Non essendosi la Corte territoriale pronunciata riguardo alla loro ammissibilità e, quindi, sulla doglianza rispetto all’operato di quel giudice, esso resta assorbito.
Il giudice di rinvio dovrà pronunciarsi al riguardo ai fini dello svolgimento del giudizio di rinvio.
§4. Il quarto motivo è inammissibile alla stregua di Cass. sez. un. n. 3840 del 2007.
Invero, la corte territoriale, una volta individuata – a torto o a ragione – la domanda per come devolutale dall’appello esclusivamente nella postulazione di un danno psico-fisico cagionato all’avere la M. avuto la “sorpresa” dello stato morboso del nuovo nato, non aveva potestas iudicandi sulla domanda intesa come relativa al danno da perdita della possibilità di scegliere di interrompere la gravidanza.
D’altro canto, i ricorrenti non hanno svolto alcun motivo di impugnazione contro l’affermazione della sentenza impugnata circa il tenore della domanda devoluta in appello.
Per discutere delle questioni poste dal motivo sarebbe stato necessario formulare un motivo di impugnazione.
§5. Il quinto ed il sesto motivo pongono questioni che dovranno prospettarsi al giudice di rinvio, non essendo state decise dalla sentenza impugnata, in ragione della soluzione data all’appello.
§6. Rimane assorbito anche il settimo motivo, concernente la statuizione sulle spese, che resta caducata, in conseguenza della cassazione della sentenza impugnata.
§7. Conclusivamente la sentenza è cassata in relazione al secondo motivo.
Il giudice di rinvio, che si designa in altra sezione della Corte d’Appello di Catania, comunque in diversa composizione, provvederà al regolamento delle spese del giudizio di cassazione.
P.Q.M.
La Corte dichiara inammissibile il primo motivo.
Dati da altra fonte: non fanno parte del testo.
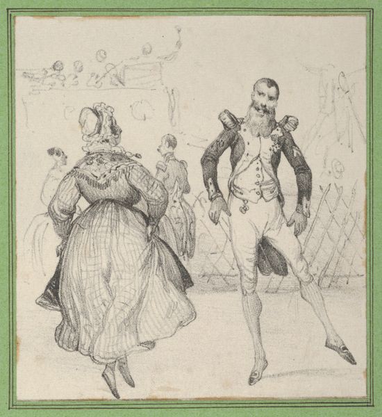 Curator: This is "Soldier with a woman on his arm in front of a wooden gate" by Victor Adam, made sometime between 1820 and 1866. It's a print. Editor: It has an interesting energy—almost satirical. The figures seem disproportionate, especially the woman’s elaborate hat. There's something off-kilter in the composition; not sure I'd hang it above my couch. Curator: Right. Adam was known for caricatures. You're seeing how fashion and military bearing are heightened to create social commentary, a poke at bourgeois society during the July Monarchy and Second Empire in France. Editor: The artist’s choice to emphasize the textural contrast is striking—the woman’s frilly clothing and that stiff uniform against the roughly sketched backdrop creates an awkward feeling of visual harmony, with tension, if that makes sense. Curator: That backdrop— the wooden gate with lettering suggesting "A la belle...", perhaps a shop or entertainment venue – is indicative of the burgeoning urban culture of the period. Places where soldiers and civilians mingled, blurring social boundaries. The print medium allowed these images to circulate widely, influencing public opinion and reflecting evolving social mores. Editor: And there's that slight upward angle we see, like looking up at the pair, subtly emphasizing their importance and simultaneously diminishing them in a visual sense, like they’re figures on a stage viewed from the cheap seats. That sketch-like technique really underscores that immediate, fleeting, impression. Curator: The "belle" would typically refer to a well-dressed and refined woman. Putting that ideal on display with the soldier tells us something about public perception towards class, social aspirations, the relationship between military might and idealized femininity, and changing cultural ideas in French society. Editor: So, it's less about romantic representation and more a commentary of… what was publicly displayed? Curator: Exactly. It gives a great look into how social roles were evolving, and more particularly, perceived. Editor: A small print that speaks volumes then. I definitely see more than just some charcoal on paper now.

Accoglie il secondo motivo. Dichiara assorbito il terzo ed inammissibili il quarto, il quinto ed il sesto motivo. Dichiara assorbito il settimo motivo. Cassa la sentenza in relazione al motivo accolto e rinvia ad altra sezione della Corte d’Appello di Catania, comunque in diversa composizione, anche per le spese del giudizio di cassazione.